How to extract Address data type in Document manager or taxanomy in multiple lines

Hi Guys,

We see in taxanomy we have data type as address and in document manager it is multi line string. But when the address entity/label is extracted it is returned as string. Is there way to fetch in the same way it has extracted like multi line?

Thanks,
Aravind

Hi @aravindbalineni123

If there is possible definite format for the address then Regex-Based Extractor can return a multi-line address if the regex pattern is designed to capture the line breaks.
Else postprocessing is the best way

Hope this helps!

Actually the address is being extracted properly. But its returned as a single line. For example: The address in the receipt document is like below:
The Taj Mahal Palace,
Apollo Bandar, Colaba,
Mumbai, Maharashtra 400001.

The output string returned is concatenated lines of the above. The Taj Mahal Palace, Apollo Bandar, Colaba, Mumbai, Maharashtra 400001.
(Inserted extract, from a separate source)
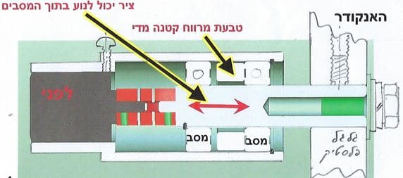 אם יפעל כוח על הציר לכיוון שמאל, הציר יכול להחליק בתוך המסבים שמאלה, ומה שיעצור אותו יהיה המקשר האדום שישען בעצמו על מסבי האנקודר הסיבובי הקשור בשני ברגים היקפיים לגוף.

But I want the data to be returned or postprocessed in the same way it extracted. Since the multiline option enabled in Document Manager. I want to know if there is way to have them spearated.

Think so this is only possible by using Regex-based-extractor… example: for above text you mentioned you can extract it by using the regex :“(?<=below:)\n.^star\n.^star\n.*” and the output will be multiline. It may have some Cons please look into it.

Sharing my point of view, hope this helps
cheers

Yeah, but the format is never the same that’s the reason I opted for the Document Understanding extractor. We deal with cross-countries invoices and receipts.

The address can be extracted from the unformatted fields in extractionresults.

This topic was automatically closed 3 days after the last reply. New replies are no longer allowed.